Kierling near Vienna
How often Kafka had longed to leave his Prague! He noted the desire “to go away from Prague. To take action against this, the greatest human damage I have ever suffered, with the strongest chemical agent I have at my disposal” in his diary on 9th March 1914. This wish was fulfilled in the most tragic way: the final phase of his life was spent in Dr Hoffmann’s sanatorium in Kierling near Klosterneuburg, a picturesque village a few miles outside Vienna. Here, on 3rd June 1924, the ill-fated author succumbed to tuberculosis; he was cared for in his last agonizing weeks by his friend Dr Robert Klopstock, and his lover Dora Diamant. Franz Kafka thus gave sleepy Kierling a place in the annals of literary history.

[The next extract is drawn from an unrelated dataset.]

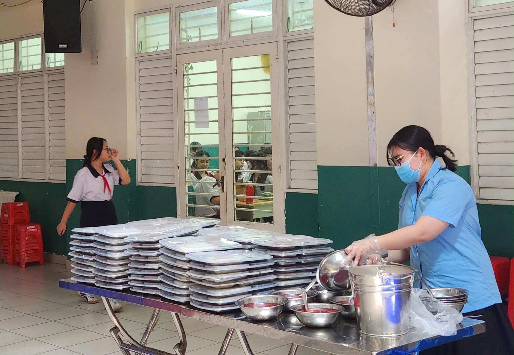 Nhân viên Trường THCS Lữ Gia, phường Phú Thọ, TP.HCM chia thức ăn cho học sinh. Ảnh: NGUYỄN QUYÊN

In the fight between you and the world, back the world.
Franz Kafka, Aphorisms
The day before yesterday, Dr Franz Kafka, a German writer who lived in Prague, died in the Kierling Sanatorium, near Klosterneuburg, near Vienna. Only a few people knew him here, because he was a loner, a knowing man, shocked by the world; he had been suffering from a disease of the lungs for many years and, even when he overcame it, he was still unconsciously feeding it and fostering it in his thoughts. […] It bestowed on him an almost incredible tenderness and almost macabre uncompromising intellectual sophistication.